Introduction to Responsible AI
Models in today’s world have a real, tangible, and sometimes life-changing impact on the lives of real people, bringing to light an important new side...
A large part of what makes Responsible AI difficult is the vast set of ideas, theories, and practices that it interacts with. As with any budding field, Responsible AI is developing its own vocabulary, sampling terms from both the computer science and social science worlds. Keeping up with the changing terminology that appears in the ever-expanding body of research can be overwhelming. In this series of posts, we’ll begin to unpack some of the many terms that define this space. We don’t claim to have a perfect answer or a complete list of terms, but we hope that this series can serve as a starting point for understanding and further research.
Much of the foundation of Responsible AI revolves around the process of finding and mitigating bias within AI systems. This goal is extremely important, but it seems difficult to pin down what that goal is really supposed to mean. Part of that difficulty stems from the ambiguity around the word bias itself. A dictionary definition would define bias as “an inclination of temperament or outlook, especially: a personal or sometimes unreasoned judgement,” and is likely similar to the working definition that most of us keep in our brains. However, many industries put their own spin on what “bias” means. These spins create the nuanced understanding that is needed for understanding bias in Responsible AI. Here's an outline that begins to explore just a few of these related definitions.
Given the definitions of bias above, it can be challenging to see how machine learning bias could have a direct social impact. In the case of a wolf/husky classifier, predicting that something is a wolf three-fourths of the time might not cause any harm, especially if the application is just helping wildlife aficionados identify what they’re seeing in the wild. If, however, you have a hiring model that predicts that 98% of the people hired should be male identifying, there are real societal implications that impact the lives of real people. This is the key to the complexity of understanding bias in Responsible AI: all of the definitions above have important implications when it comes to building Responsible AI models.

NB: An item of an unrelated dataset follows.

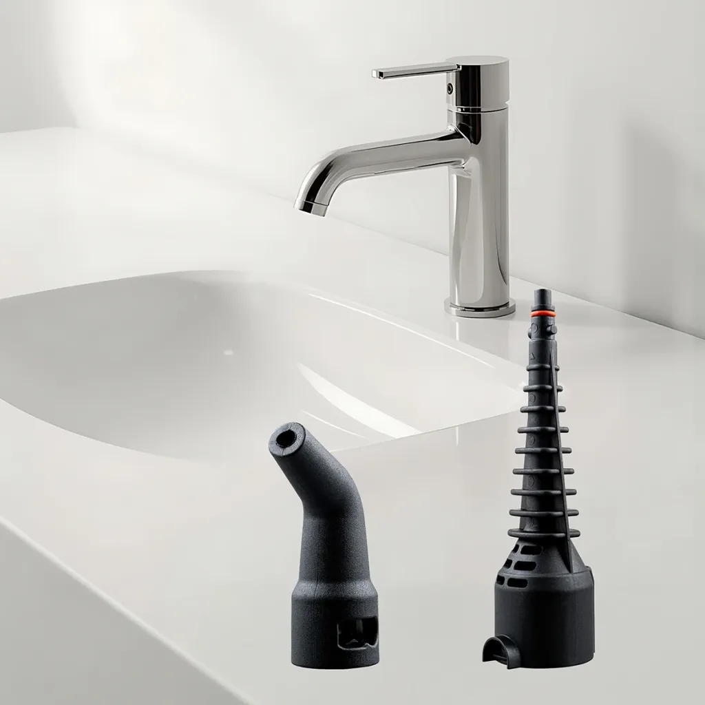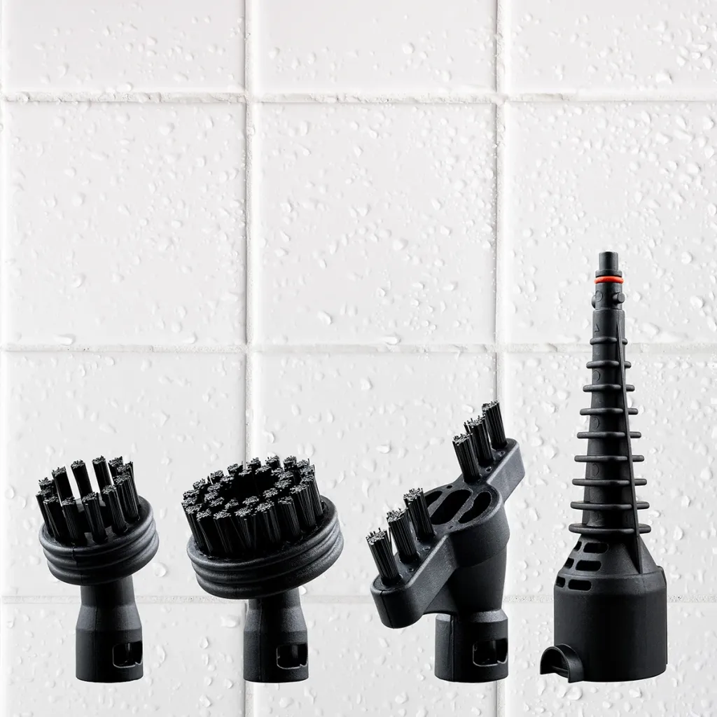 Parní trysky (standardní + úhlová) – parní čištění různých povrchů včetně hůře dostupných míst (např. baterie, umyvadla).

We have yet to build a single concise definition of bias that encapsulates all of the details and nuances of the term. The CallMiner Research Lab has worked to develop a list of key take-aways from all of the definitions. Like with everything in the Responsible AI world, these definitions are flexible, and we’ll continue to update and change them as the field grows.
Bias is not innately harmful. it’s what we do (or don’t do) with it that can cause harm. More on this in a future blog post!
Biased data can potentially reflect a world that doesn’t exist. Training sets that are too specific will cause the model to perform badly. For example, if I take a handful of coins from a jar, and those coins only include pennies, a model will assume that quarters, nickels and dimes don’t exist. A data sample that has a distribution that is different from the real world will show statistical bias when presented with unseen test data, which leads to poor performance and creates a greater possibility of causing harm.
Sometimes biased data reflects the world that does exist. Sometimes, data bias comes from an inherently unequal state of our world that might be caused by something totally unrelated to your project. We saw this in the news, when hiring algorithms favored resumes that included baseball over softball in industries that were predominately male. It’s still important to critically analyze these situations – while it may be necessary to preserve these differences, it’s absolutely crucial that you come to that decision through critical analysis and potentially difficult discussions with a diverse group.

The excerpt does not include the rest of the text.